■ **Task statement**
Return the lines of the material below exactly, beginning with the line that has "运用信息化技术,创新党史学习" in it and finishing with the line that has "基金とは、様々な目的のために" in it. Leave all pictures aside.

[Given records Boundary: Start]

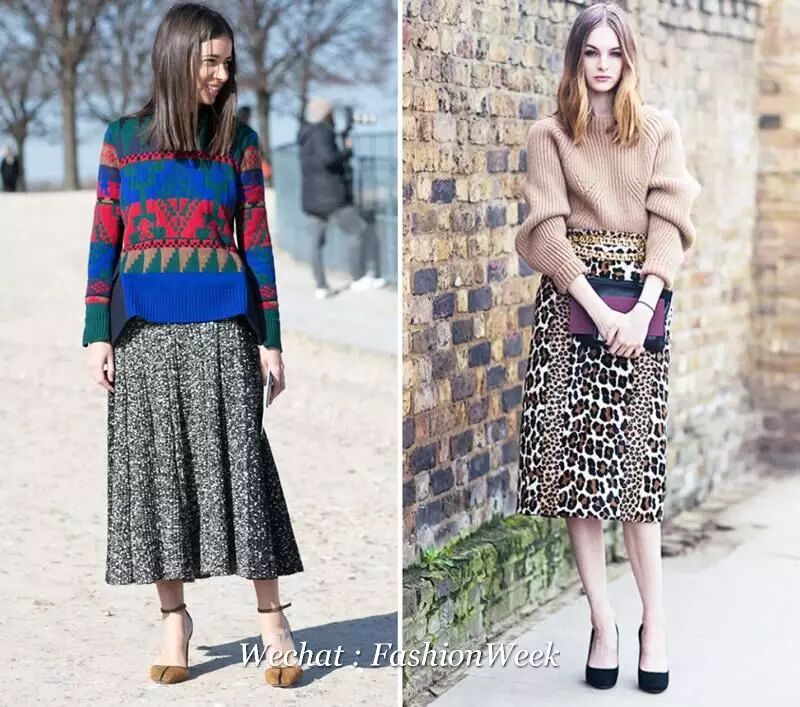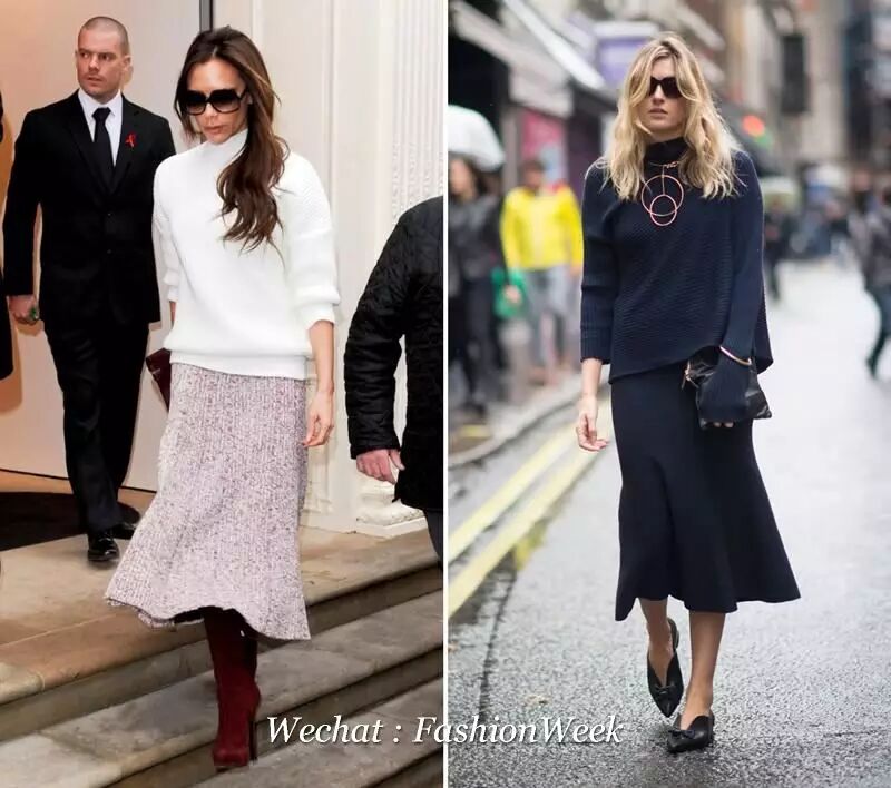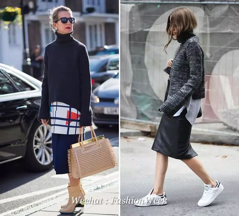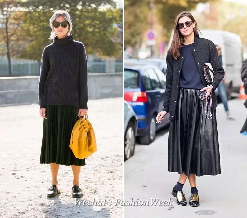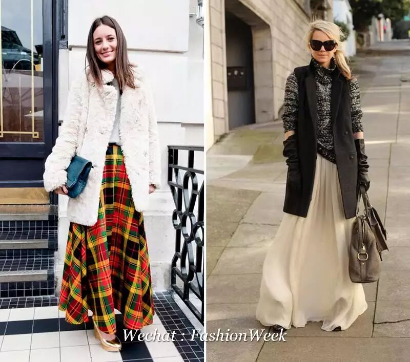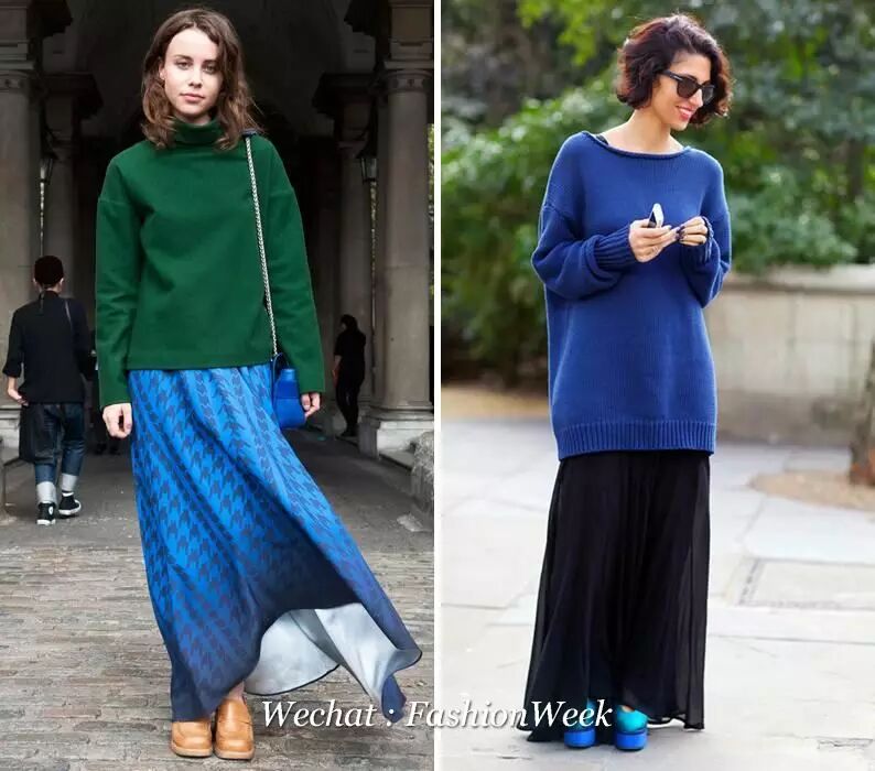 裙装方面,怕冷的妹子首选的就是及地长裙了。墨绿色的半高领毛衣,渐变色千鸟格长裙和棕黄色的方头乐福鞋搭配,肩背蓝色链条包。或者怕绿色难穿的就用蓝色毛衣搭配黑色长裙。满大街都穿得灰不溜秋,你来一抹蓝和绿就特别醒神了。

[Given records Boundary: End]
[Given records Boundary: Start]

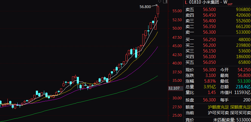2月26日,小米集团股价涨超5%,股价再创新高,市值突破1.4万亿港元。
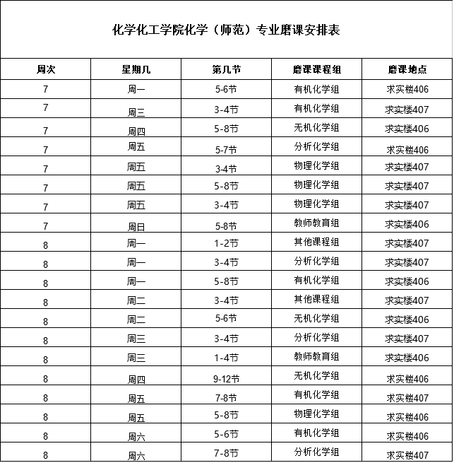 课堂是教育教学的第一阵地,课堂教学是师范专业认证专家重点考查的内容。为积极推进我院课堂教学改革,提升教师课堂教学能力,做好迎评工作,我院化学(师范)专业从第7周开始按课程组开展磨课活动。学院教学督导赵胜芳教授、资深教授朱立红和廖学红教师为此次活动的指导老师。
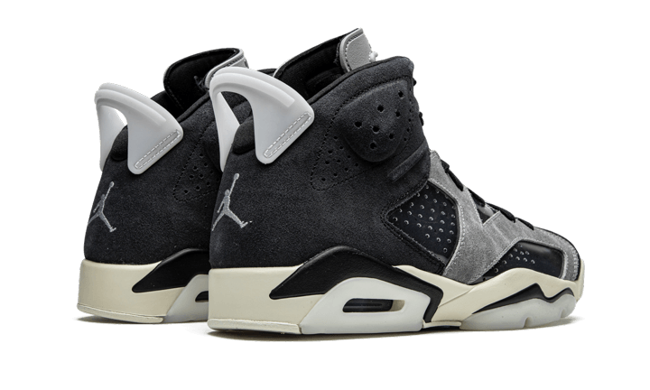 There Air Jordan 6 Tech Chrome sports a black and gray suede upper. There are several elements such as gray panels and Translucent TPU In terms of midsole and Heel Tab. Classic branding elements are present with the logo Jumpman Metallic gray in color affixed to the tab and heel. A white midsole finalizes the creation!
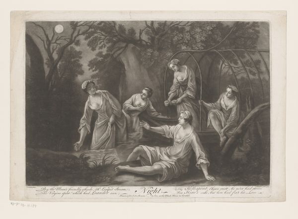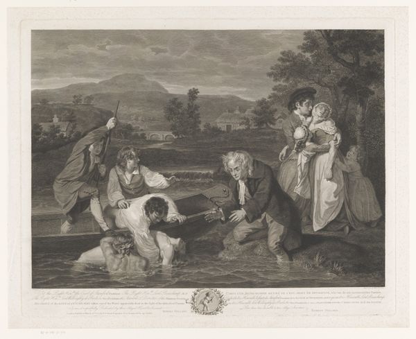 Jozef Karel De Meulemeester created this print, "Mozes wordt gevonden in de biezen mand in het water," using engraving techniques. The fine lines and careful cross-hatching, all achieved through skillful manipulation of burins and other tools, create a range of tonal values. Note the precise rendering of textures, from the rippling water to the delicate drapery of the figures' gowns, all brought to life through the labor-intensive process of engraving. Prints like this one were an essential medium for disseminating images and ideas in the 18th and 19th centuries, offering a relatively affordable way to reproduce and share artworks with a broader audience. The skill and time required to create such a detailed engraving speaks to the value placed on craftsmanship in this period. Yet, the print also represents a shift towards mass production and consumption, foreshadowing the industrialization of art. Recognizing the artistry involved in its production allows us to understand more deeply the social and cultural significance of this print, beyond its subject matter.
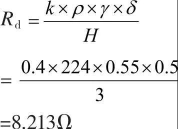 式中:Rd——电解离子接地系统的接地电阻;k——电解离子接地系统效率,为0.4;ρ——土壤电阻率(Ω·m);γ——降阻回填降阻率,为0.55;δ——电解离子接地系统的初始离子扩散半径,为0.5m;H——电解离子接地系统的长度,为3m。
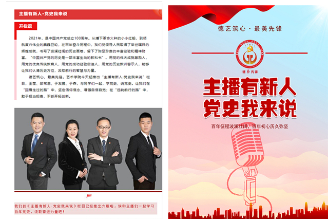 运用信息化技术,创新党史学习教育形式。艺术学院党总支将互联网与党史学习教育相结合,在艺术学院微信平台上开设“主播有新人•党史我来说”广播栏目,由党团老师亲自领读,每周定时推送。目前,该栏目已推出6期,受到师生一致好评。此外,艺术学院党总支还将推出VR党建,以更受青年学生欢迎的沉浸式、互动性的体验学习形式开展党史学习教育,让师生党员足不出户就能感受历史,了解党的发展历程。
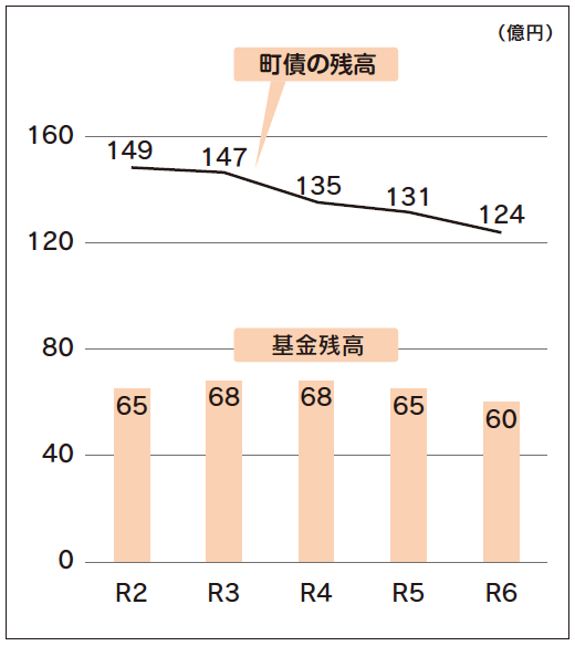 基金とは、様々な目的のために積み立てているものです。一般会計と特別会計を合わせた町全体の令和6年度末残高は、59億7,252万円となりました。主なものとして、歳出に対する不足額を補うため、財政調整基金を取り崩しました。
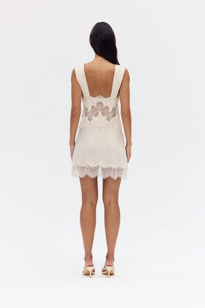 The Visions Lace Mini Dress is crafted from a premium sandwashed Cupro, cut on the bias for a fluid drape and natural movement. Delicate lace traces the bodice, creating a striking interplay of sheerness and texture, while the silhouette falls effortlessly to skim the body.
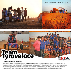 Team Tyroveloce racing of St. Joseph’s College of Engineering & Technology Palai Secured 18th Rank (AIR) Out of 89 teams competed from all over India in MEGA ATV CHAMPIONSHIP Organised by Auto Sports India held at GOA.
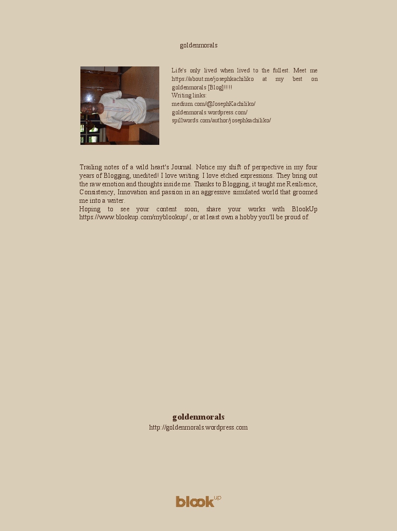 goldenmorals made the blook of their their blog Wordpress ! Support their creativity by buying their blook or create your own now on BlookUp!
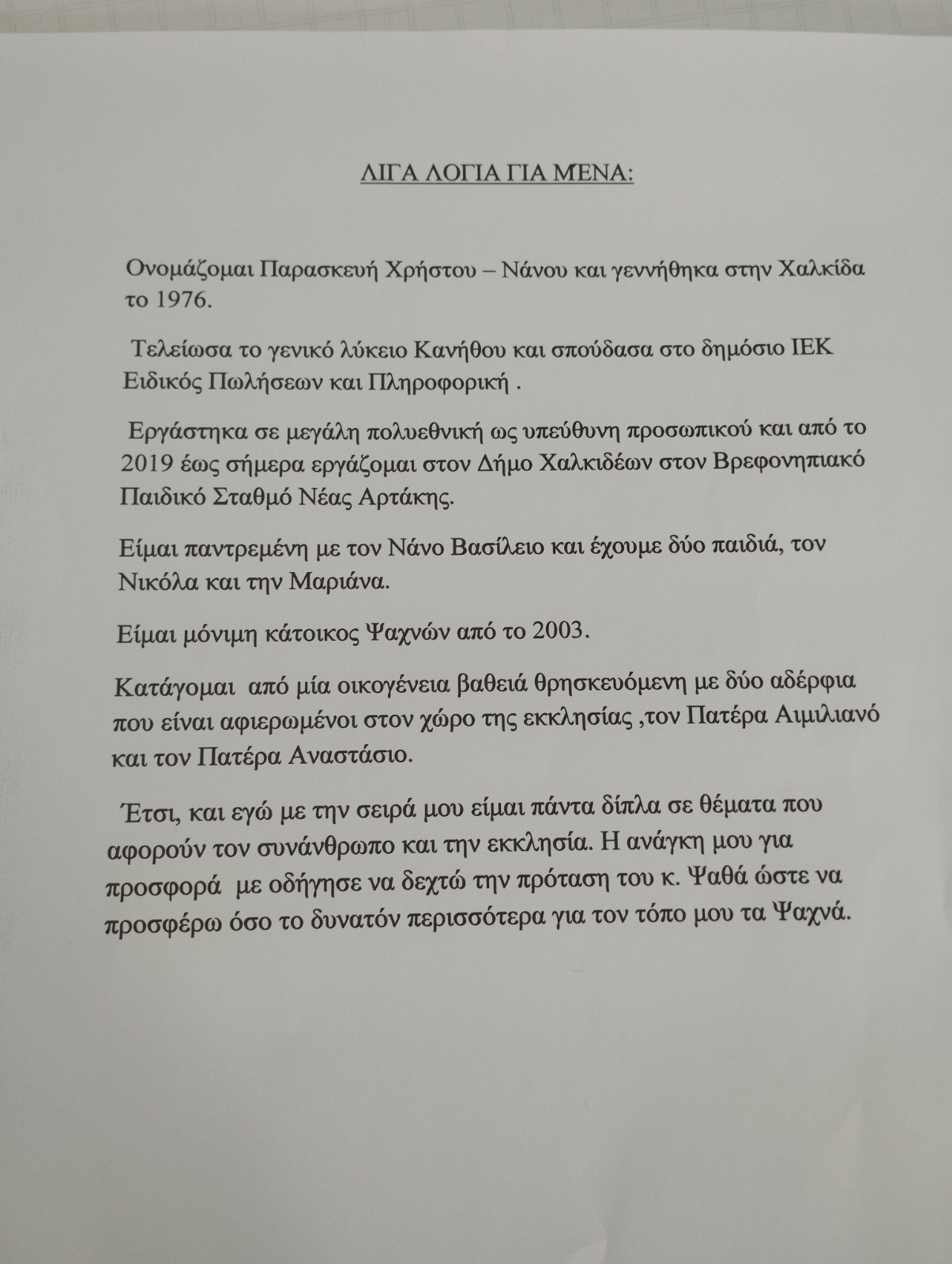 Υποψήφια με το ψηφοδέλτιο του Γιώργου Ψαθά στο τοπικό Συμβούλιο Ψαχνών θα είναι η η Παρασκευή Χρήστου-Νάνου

[Given records Boundary: End]

■ **Solution for this task**
 运用信息化技术,创新党史学习教育形式。艺术学院党总支将互联网与党史学习教育相结合,在艺术学院微信平台上开设“主播有新人•党史我来说”广播栏目,由党团老师亲自领读,每周定时推送。目前,该栏目已推出6期,受到师生一致好评。此外,艺术学院党总支还将推出VR党建,以更受青年学生欢迎的沉浸式、互动性的体验学习形式开展党史学习教育,让师生党员足不出户就能感受历史,了解党的发展历程。
 基金とは、様々な目的のために積み立てているものです。一般会計と特別会計を合わせた町全体の令和6年度末残高は、59億7,252万円となりました。主なものとして、歳出に対する不足額を補うため、財政調整基金を取り崩しました。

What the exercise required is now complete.